Across HECO (Oahu), MECO (Maui County islands), and HELCO (Hawaii Island), the lowest-cost window is 9 p.m.-9 a.m., with on-peak at 5 p.m.-9 p.m. Published TOU values are 31.5 cents off-peak vs 47.3 cents peak on Oahu, 36.5 vs 54.7 on Maui, and 43.0 vs 64.5 on Hawaii Island. Charging after 9 p.m. is the most consistent way to lower home charging cost across islands.
Charging a Tesla Model Y from near-empty in Hawaii costs approximately $31.88 at home, $34.16 at a public Level 2 station, and $53.89 at a DC fast charger, based on EPA efficiency of 25.3 kWh/100 miles and an estimated 300-mile range.

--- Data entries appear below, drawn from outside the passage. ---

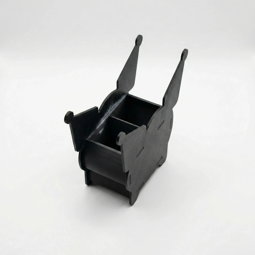 Fonksiyonel Tasarım ve Geniş Hacim Ürün, sadece dekoratif bir obje değil, aynı zamanda işlevsel bir düzenleyicidir. Arka kısmında bulunan derin ve geniş iki ayrı bölme sayesinde kurşun kalemler, boya kalemleri, makaslar veya makyaj fırçaları gibi farklı boyuttaki eşyalarınızı kategorize ederek saklayabilirsiniz. Masanızdaki dağınıklığı ortadan kaldırır.
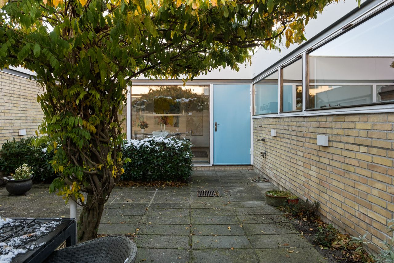 Ankomst via privat lukket gårdhave til den karakteristiske blåmalede hoveddør til boligen, der indeholder 180 m² funktionel bolig i ét plan bygget omkring den helt ugenerte lukkede atriumgård.
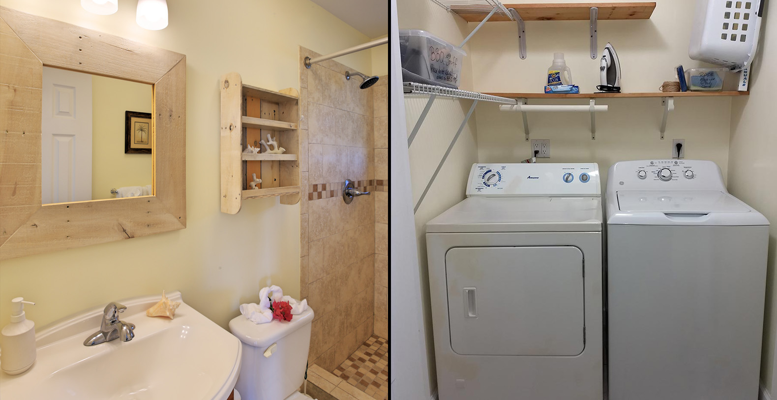 Starter size amenities only provided on arrival, such as shampoo, conditioner, soap, toilet paper, paper towel, sponge, dish soap and laundry detergent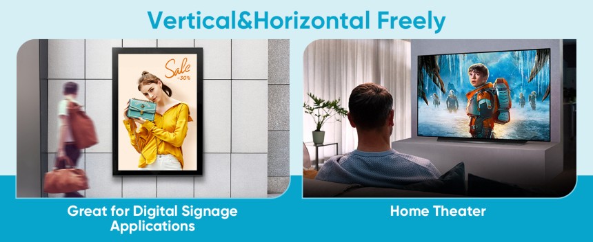 - ▶️ Affichage d'écran vertical et d'épissage : Avec une sortie d'image rotative, 270 degrés, plusieurs paramètres, flexible et polyvalent compatible avec votre écran vertical, permet à quiconque d'utiliser facilement de beaux panneaux numériques, vous pouvez l'utiliser sur votre écran publicitaire pour afficher votre vidéo publicitaire.

Hawaii PUC lists HECO for Oahu, MECO for Maui/Lanai/Molokai, HELCO for Hawaii Island, and KIUC for Kauai. Because each island has its own grid and tariff structure, EV charging assumptions should be built by island utility, not statewide averages.
Hawaiian Electric states the Shift and Save program closed to new participants on Feb. 1, 2025 after the one-year pilot period. Existing participants may continue, and the utility said the PUC was expected to outline next steps. As of early 2026, verify current enrollment status on the utility's TOU and EV rate pages.
HiRUC and AFDC references show Hawaii's EV road usage charge starts July 1, 2025 with either $8 per 1,000 miles (capped at $50/year) or a flat $50 annual option. Beginning July 1, 2028, EV owners transition to the per-mile road usage charge structure. Maui County EV owners also pay a separate $100 annual county registration surcharge in addition to the state HiRUC.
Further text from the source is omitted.